In terms of correlation to the target, we see that there are several variables with an absolute correlation of ~ >= 0.5. The r2 plot shows the explanatory power of each variable and suggests that we might want to focus on variables like “nox”,“age” and “rad” while ignoring “chas” and “rm”. Intuition suggests that we should be able to get a reasonably good prediction with r^2 values such as the above.
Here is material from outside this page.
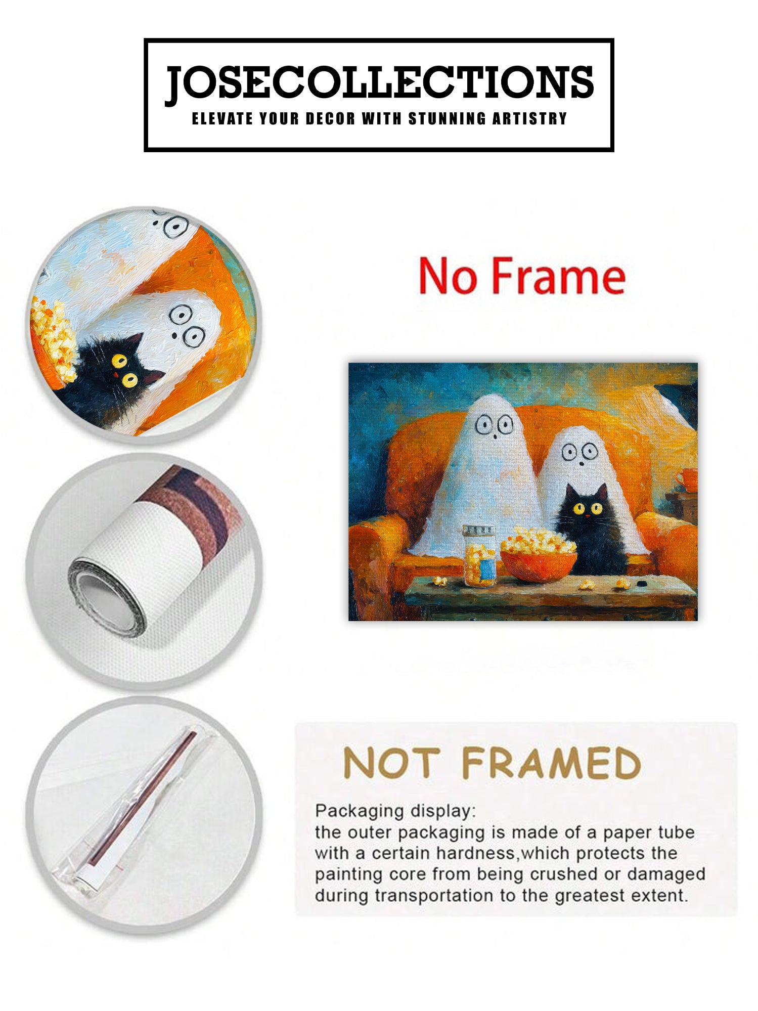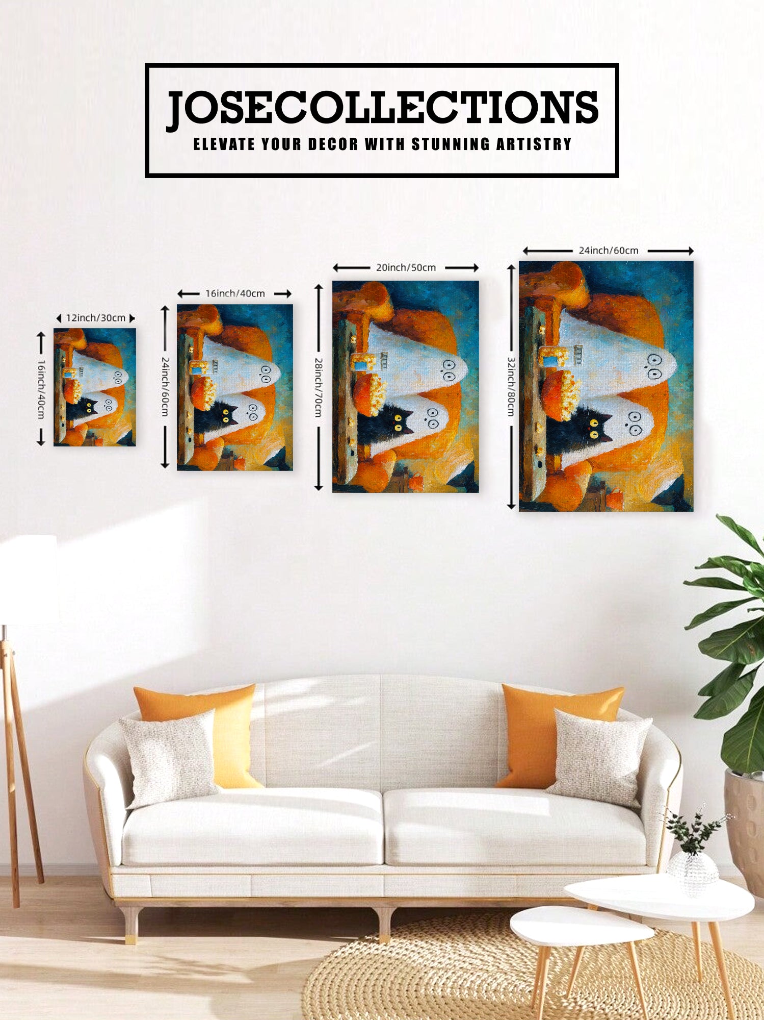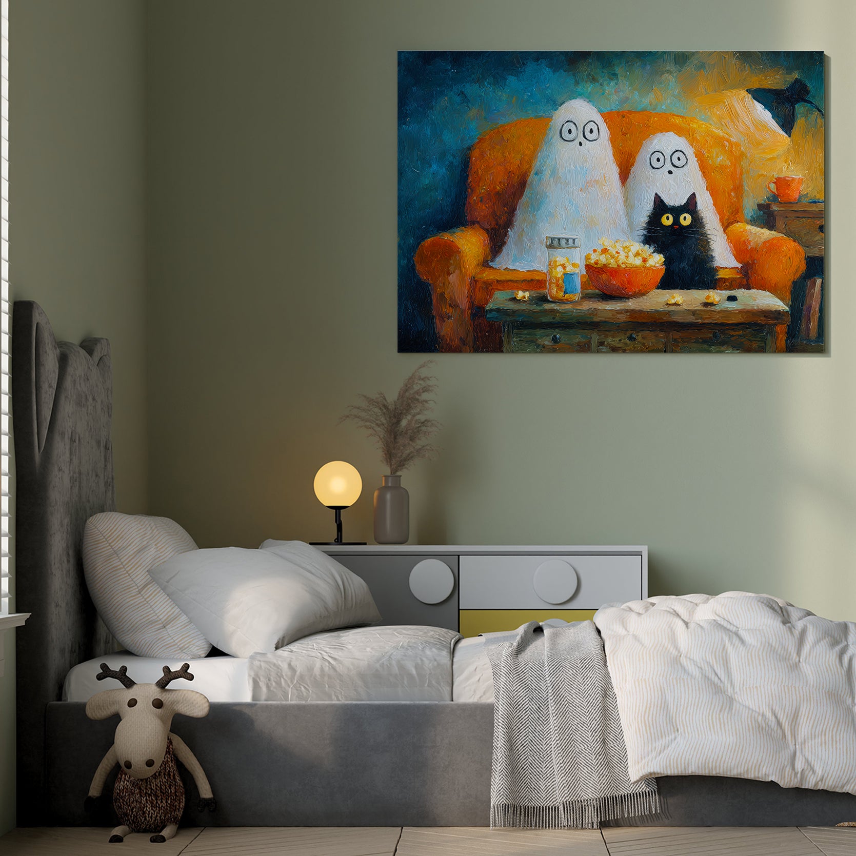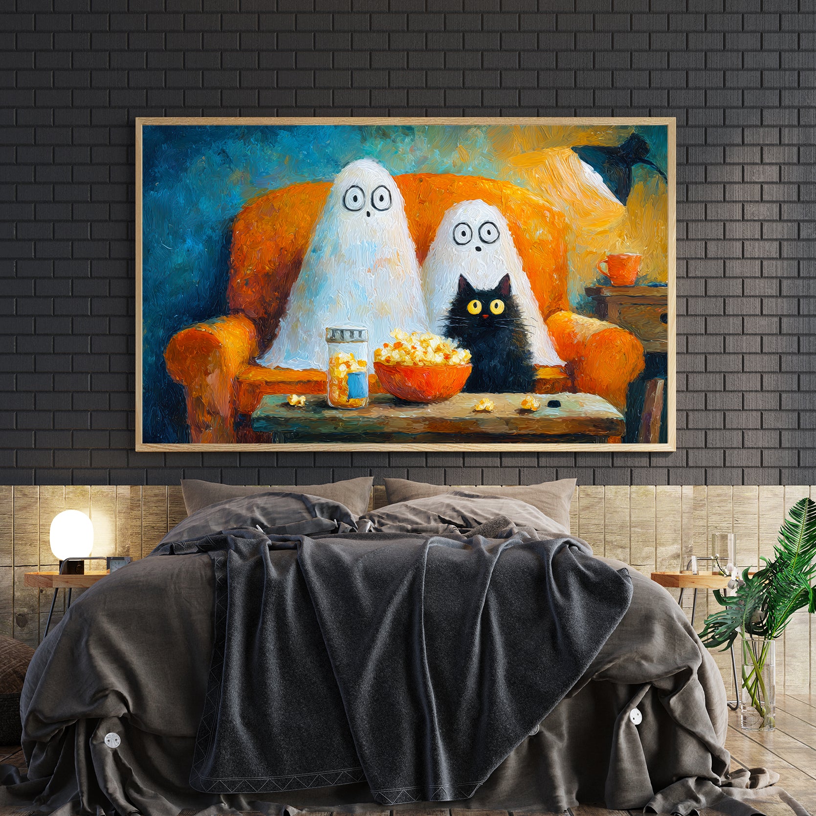 Add a touch of festive charm to your living space with this Halloween Ghost and Black Cat Canvas Wall Art. Featuring a whimsical movie night scene, it creates a cozy and playful atmosphere perfect for your living room, sofa backdrop, or bedside decoration. Crafted to enhance your home decor, this canvas combines seasonal spirit with artistic flair, making it an expert choice for those seeking unique and stylish Halloween accents.

cor.data <- cor(data.train)

ggplot(data = melt(cor.data), aes(x=Var1, y=Var2, fill=value)) + 
  geom_tile()

ggplot(data = melt((cor.data^2)), aes(x=Var1, y=Var2, fill=value)) + 
  geom_tile()

Here we see that we might have some aliasing issues where “tax” and “rad” appear to be highly related to one another. These variables represent tax burden and highway accessibility respectively and both be measures of the same thing (specific geographic location or neighborhood, for example). Otherwise, we don’t seem to have much inter-relatedness between variables. This is a good thing.

Data Preparation

There a few minor changes that we can make based on the above observations:

Convert zn and age

We’ll take the proportional data and convert it to binary columns - this is an exercise in logistic regression, after all!. We’ll also retain the original so that we can assess the impact of this change if desired.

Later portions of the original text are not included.